My entire music library was ‘backed up’ on an old iPod Classic. God, I miss iPods so much. Here’s how I was able to extract all my music files from my iPod and the steps I took to clean up the library.
Extract the content from the iPod
I plugged the iPod into my mac (luckily I have a box of legacy chargers and connectors). The iPod library structure is hidden and hashed.
First, hit Command + Shift + . to show all hidden files on the iPod. The raw music files are hidden under iPod_Control > Music
I copied this data to a workable area on my mac.
Flatten the files first to make them easier to work with
Apple hashes the filenames (likely) to make them easier to work with. But it’s not very human friendly. Here’s the screenshot of what the file names look like.
Before I started the renaming process, I wanted to flatten all the files out of Apple’s format. This is easy to do with a quick terminal command.
find /path/to/source -type f -exec mv {} /path/to/destination/ \;
Deal with the hashing problem and renaming the files
My files fell roughly into 2 categories along with different strategies on how to deal with them.
- Music that had great metadata → I’ll use a bash script to rename the files from the metadata.
- Music that had no (or dubious) metadata → I’ll extract those and use a music analyzer batch discover the content.
I have not dealt with music analyzers before and had to deal with some frustration around 2 elements: first, the quality of audio fingerprinting tech and second, the quality of the database the analyzer references.
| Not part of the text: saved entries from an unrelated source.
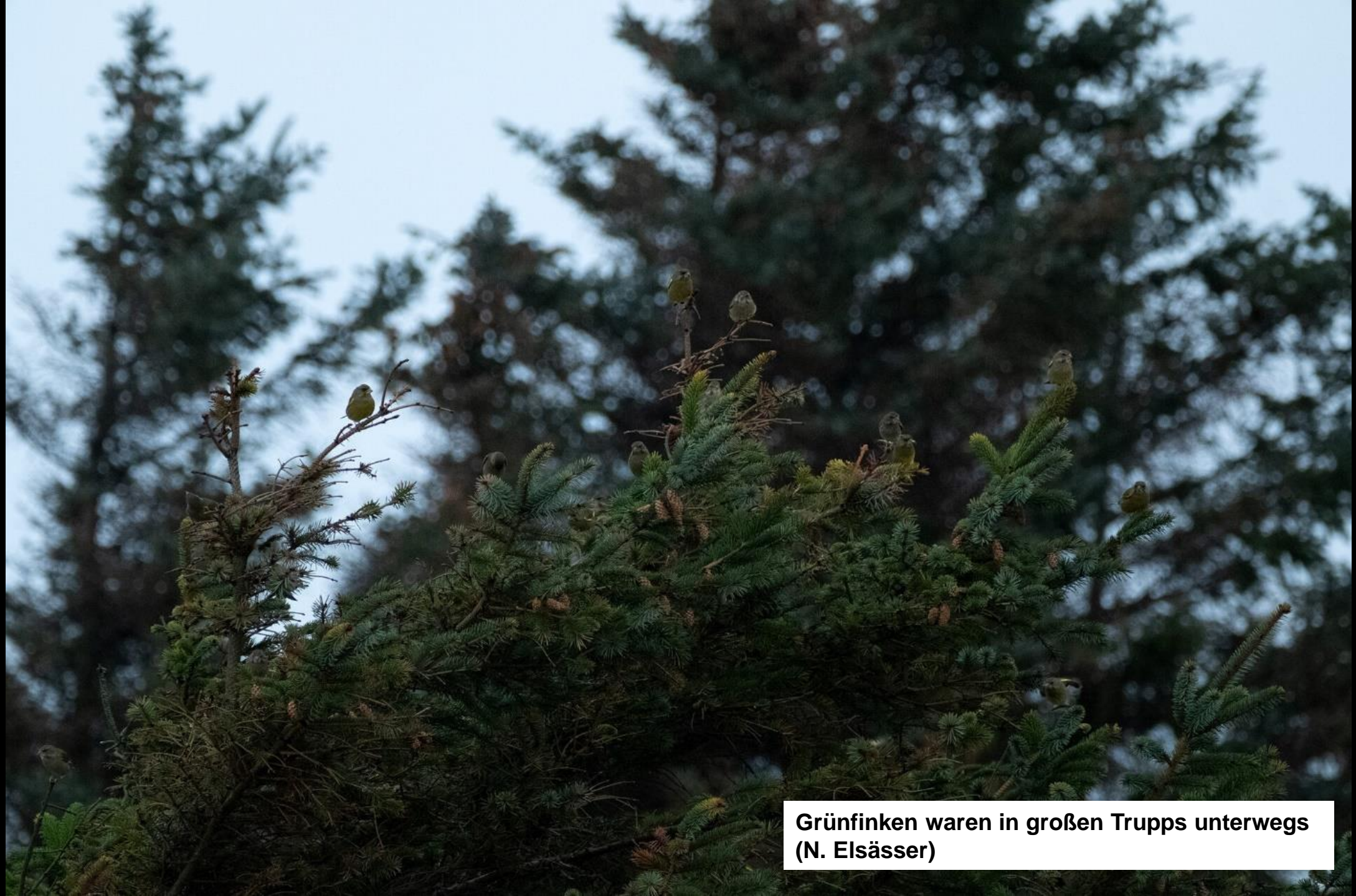
Grünfinken waren in großen Trupps unterwegs
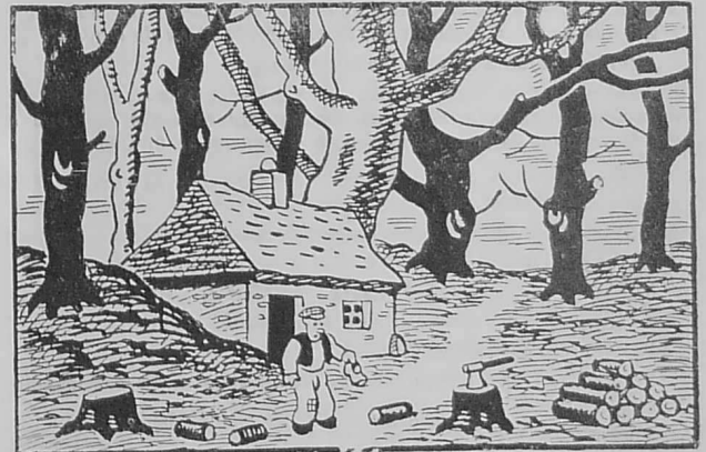
Yannik en deus kollet e votez... e pelec'h eman ?
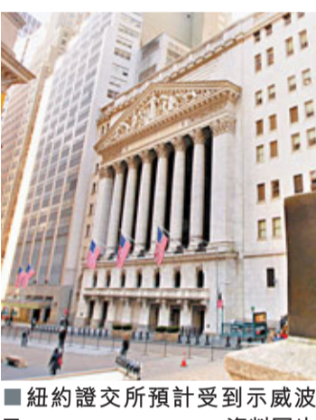
紐約證交所預計受到示威波及。

年初突尼斯「茉莉花革命」掀起北非及中東反政府示威潮，如今終於席捲美國？非牟利雜誌網站Adbusters在網上發起「佔領華爾街」活動，號召兩萬人在紐約曼哈頓紮營靜坐，並設立「和平路障」，聲討導致經濟危機的金融界「罪魁禍首」。據稱，全球74個城市亦會有人示威響應。
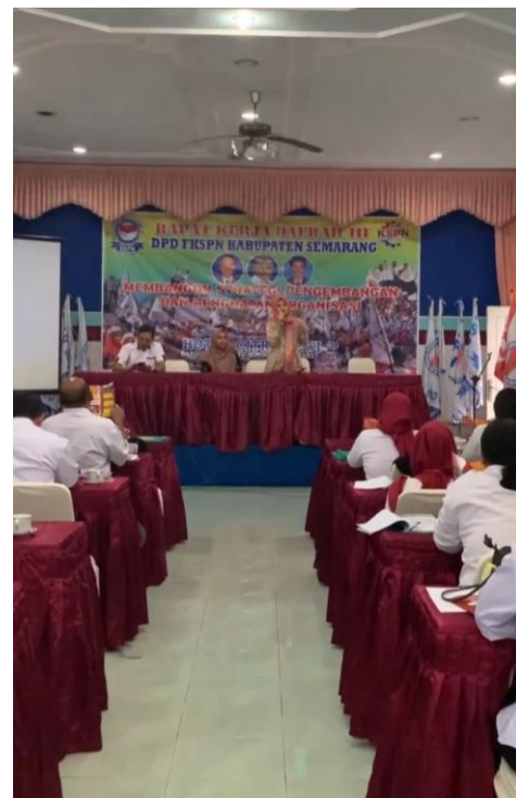
Gambar 2. Pendampingan Administrasi dan Pengelolaan Keuangan Organisasi

Selanjutnya, dalam pendampingan administrasi dan keuangan, pengurus diberikan pelatihan penggunaan aplikasi pengelolaan sederhana berbasis spreadsheet. Hal ini bertujuan untuk meningkatkan transparansi dan akuntabilitas laporan keuangan organisasi. Gambar 2 menunjukkan suasana pendampingan administrasi dan keuangan yang dilaksanakan secara tatap muka dengan melibatkan tim pengabdian dan pengurus organisasi.
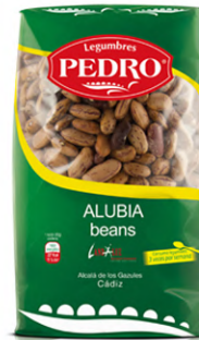
Alubia Pinta Pedro 1 Kg Codigo EAN 8420933000571 Unidades/ agrupacion: 20 Agrupacion/ palet: 42
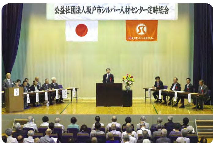
昨年度定時総会風景
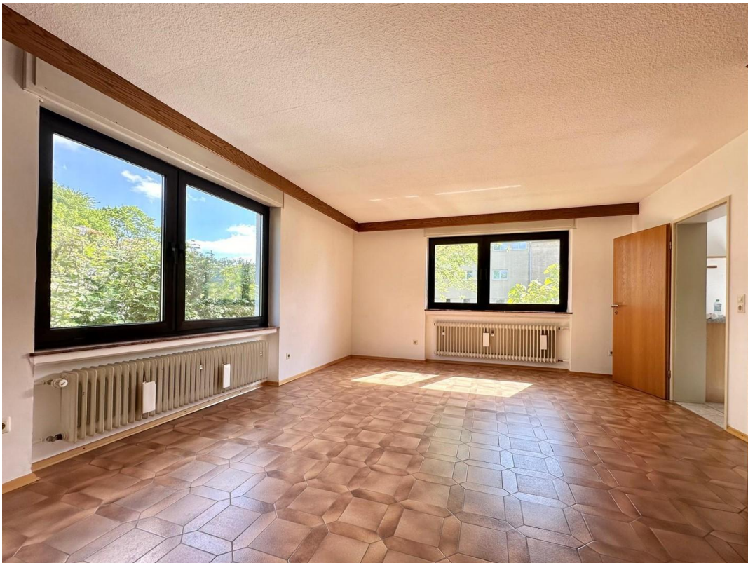
Wohnzimmer unten, Ansicht 2
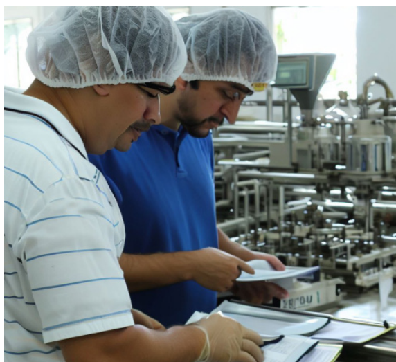
La Asamblea Legislativa aprueba Ley Especial de Precios y Servicios de la Dirección Nacional de Medicamento, en donde se establecen desde $6 mil a $60 mil los montos en pagos adicionales de auditorías.

Por lo que se establecen una serie de montos para el pago de servicios tales como los de “obtención y renovación de registro sanitario de productos farmacéuticos, modificaciones al re-
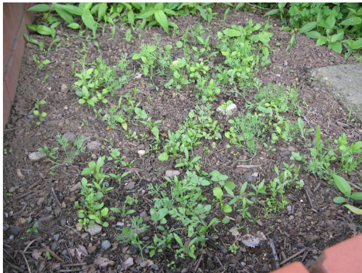
6/1 玄関脇（ミックスフラワー）
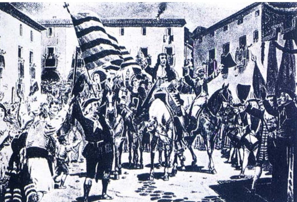
Proclamació a Dénia de l'arxiduc Carles d'Àustria com a rei de València per Joan Baptista Basset.
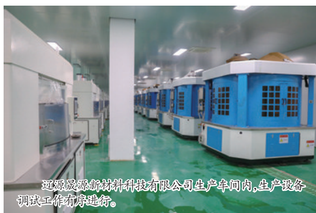
辽源晟源新材料科技有限公司生产车间内,生产设备调试工作有序进行。
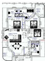
Wohnungsgrundriss (Möblierung exemplarisch)

STRANDNAH, GROSS, MODERN! Mit 2 BALKONEN (je ca. 8 qm), FAHRSTUHL, nur ca. 100 m zur STRANDPROMENADE! Großzügige elegante 4 - Zimmer - Wohnung mit sehr guter Ausstattung! 3 separate Schlafzimmer, 3 Bäder (2 davon ensuite), alle mit Fußbodenheizung. Die ensuite-Bäder verfügen über Wanne und Dusche bzw. Dusche. Das dritte Bad ist ein Duschbad. Der große Wohnbereich verfügt über eine vollausgestattete Küchenzeile, einen Eßbereich und einen Couchbereich mit KAMINOFEN. Die Balkone sind möbliert. Zur Wohnung gehört ein STRANDKORB AM STRAND. Die Wohnung verfügt über einen Pkw-Stellplatz in der teilüberdachten Tiefgarage. Fahrradabstellfläche ist vorhanden. Vom Haus aus können Sie das Ortszentrum und die bekannte Ahlbecker Seebrücke in ca. 2 Minuten zu Fuß erreichen.
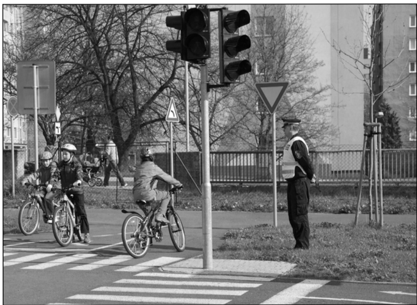
Průkazy cyklisty dostali žáci čtvrtých tříd základních škol, kteří úspěšně složili nejen zkoušky z teorie, ale zvládli i jízdu na kole dle předpisů.
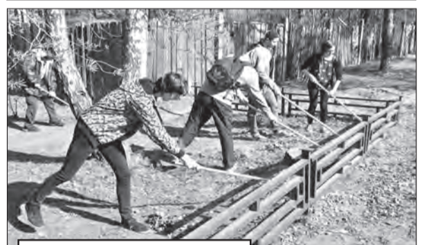
2014 г. Акция «Обелиск».
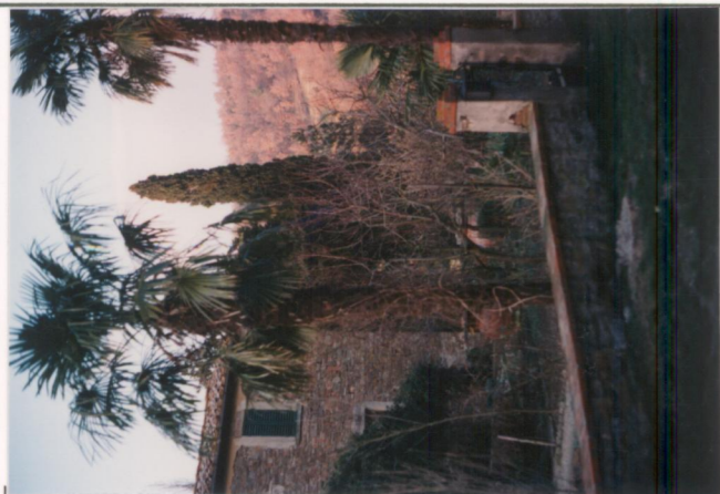
p.v. N. .5.....Scorcio del giardino.....
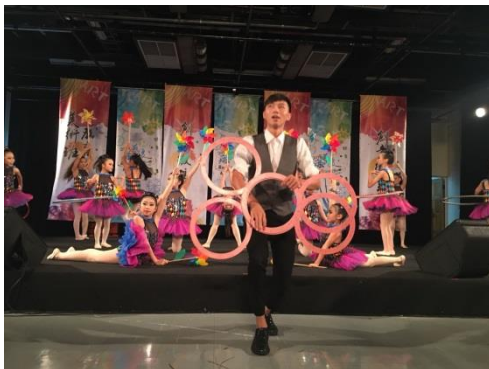
開幕表演~藝起轉動~舞蹈表演
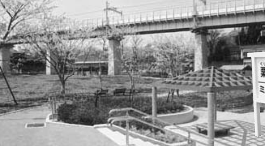
生まれ変わった栗山公園

中心市街地の活性化事業として再整備を進めていた栗山公園が、既存の蒸気機関車 D51のほかに、親水施設や桜の広場、ミニ蒸気機関車用の線路などを設置した新しい公園に生まれ変わりました。
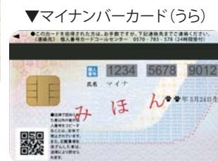
▼マイナンバーカード(うら)
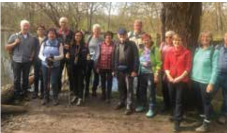
An der Enz bei Markgröningen.
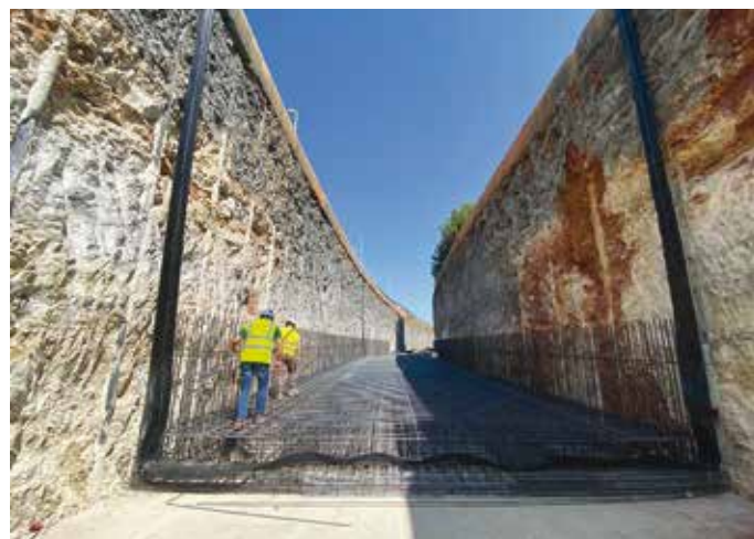
6. La linea ferrotramviaria interrata di Andria
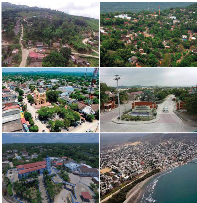
Fotos 24, 25, 26, 27, 28 y 29. Municipios de Piojó, Tubará, Baranoa, Galapa, Usiacuri y Puerto Colombia con presencia ancestral de comunidades indígenas Mokaná en el departamento del Atlántico.
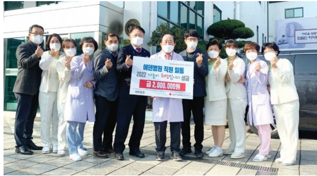
에덴병원이 최근 어려운 이웃을 위해 써달라며 직원 100여명이 십시일반 모은 이웃돕기 성금 200만원을 대한적십자사 광주전남지사(회장 허정)에 전달했다.
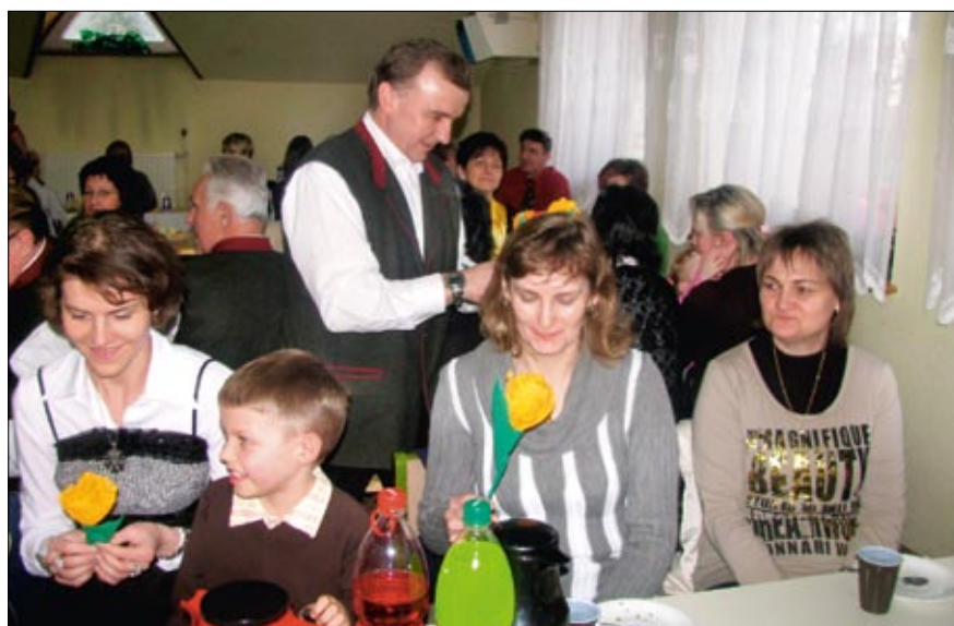
Wszystkie Panie w doskonałych humorach odbierają kwiaty i słuchają występów.

W ubiegłą niedzielę w sali OSP w Leśnicy odbyła się impreza z okazji Dnia Kobiet, której organizatorami byli Zarząd Osiedla Nr 1 w Leśnicy oraz Leśnicki Ośrodek Kultury i Rekreacji. Organizatorzy zapewnili bogaty program artystyczny. Dla licznie zebranych Pań wystąpił dziecięcy zespół taneczno-wokalny Marlenki, który przygotował skecz w którym dziewczynki musiały udowodnić
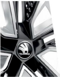
Avec AERO hubcaps - Noir
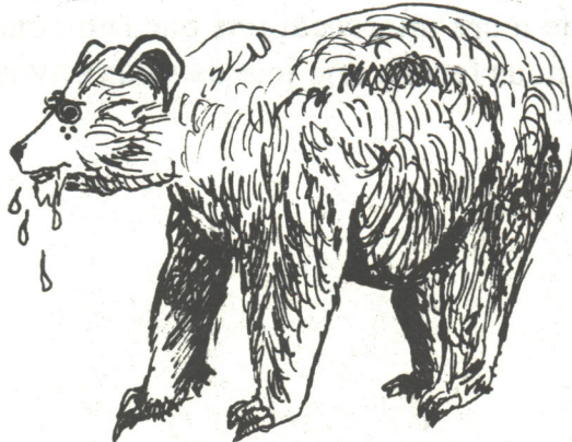
(Grossus balounæ Færocius)

Nous en sommes maintenant rendus à la partie zoologique de cette chronique qui fait les délices des étudiants d'IRO et d'aujourd'hui-O. Comme nous l'avons mentionné plus haut, l'animal de la rentrée est l'ours grizzly.
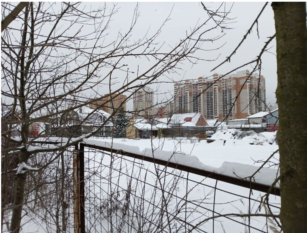
POVA 6 Neo
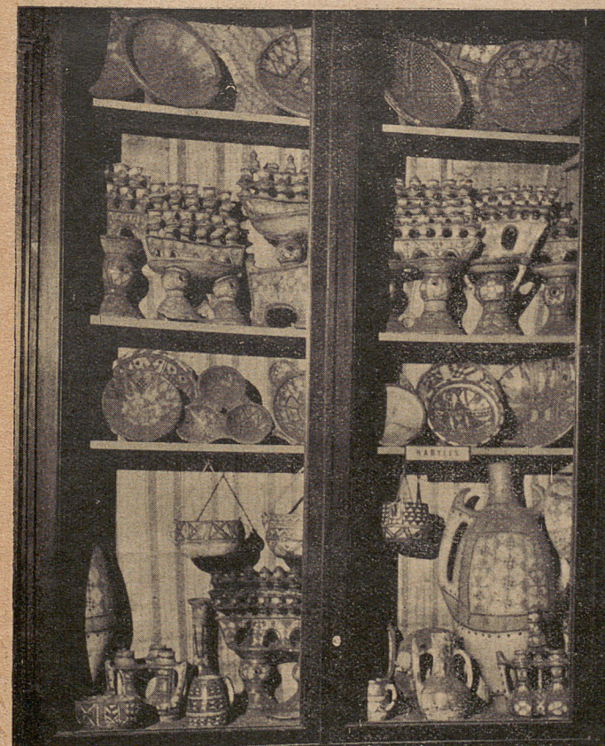
PRESENTATION ACTUELLE DES OBJETS AU MUSEE D'ETHNOGRAPHIE DU TROCADERO

NOTE DE LA REDACTION. — Tous ces extraits sont tirés des « Œuvres Politiques » de Karl Marx. Edition Costes, tome II. Les titres sont de la Rédaction.
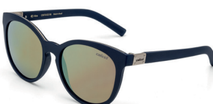
C0070 K33 96

Renaming files based on high quality meta data files
For this step, this is a relatively easy bash script to write and uses exiftool to help with the problem.
First, install exiftool via brew
brew install exiftool
Then, I wrote the bash script using exiftool to rename all the files with the meta data. Files that had unreliable metadata (i.e. missing) were skipped.
Create a new .sh file via local IDE or using nano rename_music.sh in terminal.
Make the .sh file executable by running chmod +x rename_music.sh
Run the script: ./rename_music.sh /path/to/folder
This script took about 20 minutes to run through my database of ~13k tracks.
Isolate skipped tracks from renaming
I wanted to deal with the skipped tracks in an isolated area, I had 533 skipped tracks. That’s roughly 4% of the library that had low quality data (which is great!)
Since the skipped files were still hashed, it made it easy to isolate via bash script and move the files into a separate folder. I used the bash script below to make it happen.
Using a music analyzer
I was skeptical about using something like songrec or beets. Through a bunch of experimentation, I just couldn’t get it to work reliably.
I ended up using MusicBrainz Picard because it’s relatively simple GUI and its general reliability to rename files on my behalf. Picard uses AcoustID to fingerprint the tracks and its own database for metadata.
I followed Picard’s documentation on how to recognize the tracks and rename them. I did learn that Picard has an opinionated stance on how files should be renamed. Since I had a preference the ARTIST - TITLE format, I had to update that in Picard’s settings.
- Go to Settings > File Naming > Check off “Rename files when saving”
- I edited one of the presets to use my preferred method

Combine the data sets
After Picard ran through and renamed all my unknown tracks, I simply moved everything into a single folder and I had a relatively clean structure of my entire old music library.
Problems
This isn’t perfect, but it got me about 95% of the way to where I needed to go. There’s a few issues I still have
- Metadata that exists is great, but the quality of the data matters too. Misspellings, dubious usage of capitalization, etc. all shines through in the file names. If I would do this again, I’d write a script that would improve the quality of the metadata.
- Different databases refer to artists differently, which makes it hard to cleanly extract the artist name. For example, my band could be known as “Leon’z Band” or “Leonz Band” or “Leon’s Band”. It means different naming conventions lead the files to be less clean.
- I would remove duplicates in tracks saved. This makes it harder because of the issue above, but I’m sure I can use something like Picard to re-analyze and consistently rename the entire library.